Menjelang Isya, Eky balik lagi ke warung itu bersama Vina. Mereka kemudian nongkrong kembali.
Di warung tersebut, Eky merokok sambil minum kopi.
“Acaranya kan sekitar jam 8 (malem) lah, Eky dan Vina kemudian pamit ke Kuningan, tapi mau lewat ke Arumsari, Eky ada rumah juga di sana,” lanjutnya.
Eky dan Vina pamit pergi dari warung itu, meninggalkan Liga.
Itu lah momen terakhir komunikasi mereka.
“Cuman sempet ada obrolan, Eky itu nunjukkin foto katanya ini ada orang yang ngajak ribut,” katanya.
“Yang sebenarnya Liga itu tidak nganter, dia sampai SMA 4 bubar masing-masing. Eky dan Vina jalan, Liga ga ikut. Liga nongkrong di depan sma 4 sampai jam sekitar 12 malam,” tambahnya.
Setelah itu, Liga baru mendapatkan kabar bahwa Eky dan Vina sudah ada di rumah sakit.
Liga sama sekali tidak ikut Vina dan Eky serta tidak menyaksikan adanya pelemparan dan pengejaran sampai flyover.
Kronologi pelemparan dan pengejaran Vina dan Eky itu berdasarkan kesaksian palsu Liga delapan tahun silam.
Soal sosok yang mengarahkan Liga membuat kesaksian palsu, Yudia tidak mengutarakannya secara langsung.

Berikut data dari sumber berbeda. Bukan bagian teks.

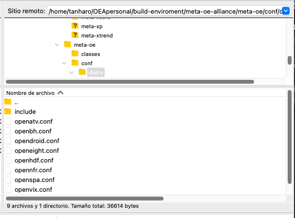 Dentro de la capa distro tendremos los archivos de configuracion de cada tipo imagen enigma2 que se halla dentro de OE-ALLIANCE
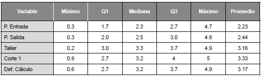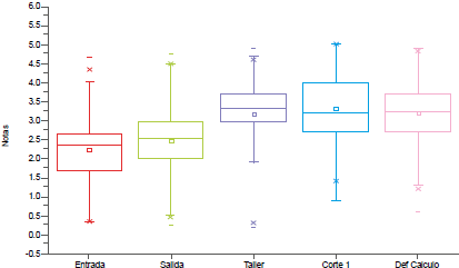 El diagrama de la nota del taller de refuerzo presenta menos dispersión que los diagramas de las pruebas de entrada y salida (ver figura 5). La nota promedio de taller es 3.16, esto se debe a las diversas actividades complementarias realizadas durante el taller de refuerzo, el 50 % de las notas se encuentran entre 3.0 y 3.7. En los tres diagramas correspondientes al taller de refuerzo se presentan notas atípicas inferiores, esto se debe al abandono del taller o la falta de esfuerzo de los estudiantes. El diagrama de caja correspondiente a las notas obtenidas durante el primer corte del curso de cálculo diferencial presenta una gran dispersión y asimetría, con una nota promedio de 3.3, esto se debe a la etapa de adaptación del estudiante durante las primeras 6 semanas de inicio. También influye la adaptación a la metodología del docente y la adquisición de la responsabilidad en las actividades académicas.
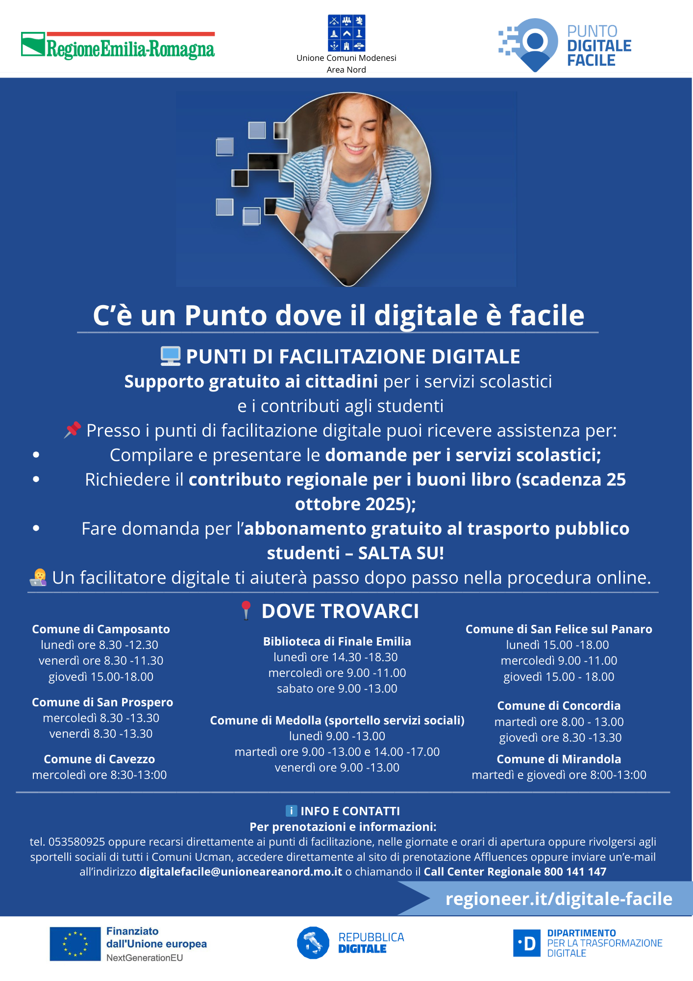 Un servizio gratuito per i cittadini che necessita di supporto digitale e assistenza per SPID, Posta elettronica e utilizzo di dispositivi informatici. Si riceve su appuntamento.

Namun, sambil tertawa, ia mengungkapkan, saat itu hanya ada Liga dan penyidik. “Nah itu pertanyaannya, makanya saya bilang ke media juga karena di ruangan itu cuma ada Liga dan penyidik, disimpulkan aja,” jawabnya.
Yudia juga mengungkapkan alasannya mengapa kini Liga berani membongkar rahasia yang sudah dipendamnya delapan tahun terakhir.
Ia mengaku merasa tertekan seiring masifnya pemberitaan dan pengusutan kasus Vina.
Liga sendiri merupakan sahabat karib almarhum Eky dan almarhumah Vina.
“Karena semakin ramainya masalah Vina, semakin tertekan, karena ngerasa batinnya bertentangan,” kata Yudia.
Yudia pun mengatakan, dengan berkata jujurnya sang klien, Liga, ia menarget Pegi Setiawan yang saat ini ditahan dan berstatus tersangka bisa bebas.
“Makanya kita coba tarik ulur lagi kronologis, upaya-upaya muncul ini, kita target awalnya itu Pegi Setiawan harus dilepas,” kata Yudia.
Selain Pegi, para terpidana yang telah divonis sebagai pembunuh Vina juga bisa mendapat bukti baru untuk menguatkan alibinya. “Yang kedua, target kedua itu, dengan Pegi Setiawan bisa diselesaikan, bisa dilepas, ini akan membuat efek juga ke yang sudah tervonis,” ujarnya.
Yudia pun menyampaikan, Liga sudah mengungkapkan nama penyidik yang mengarahkannya membuat kesaksian palsu ke pihak Polda Jabar saat diperiksa beberapa waktu lalu.
“Sudah masuk, di-BAP kemarin sudah masuk. Sudah dtunjukkan, namanya tertera,” kata Yudia.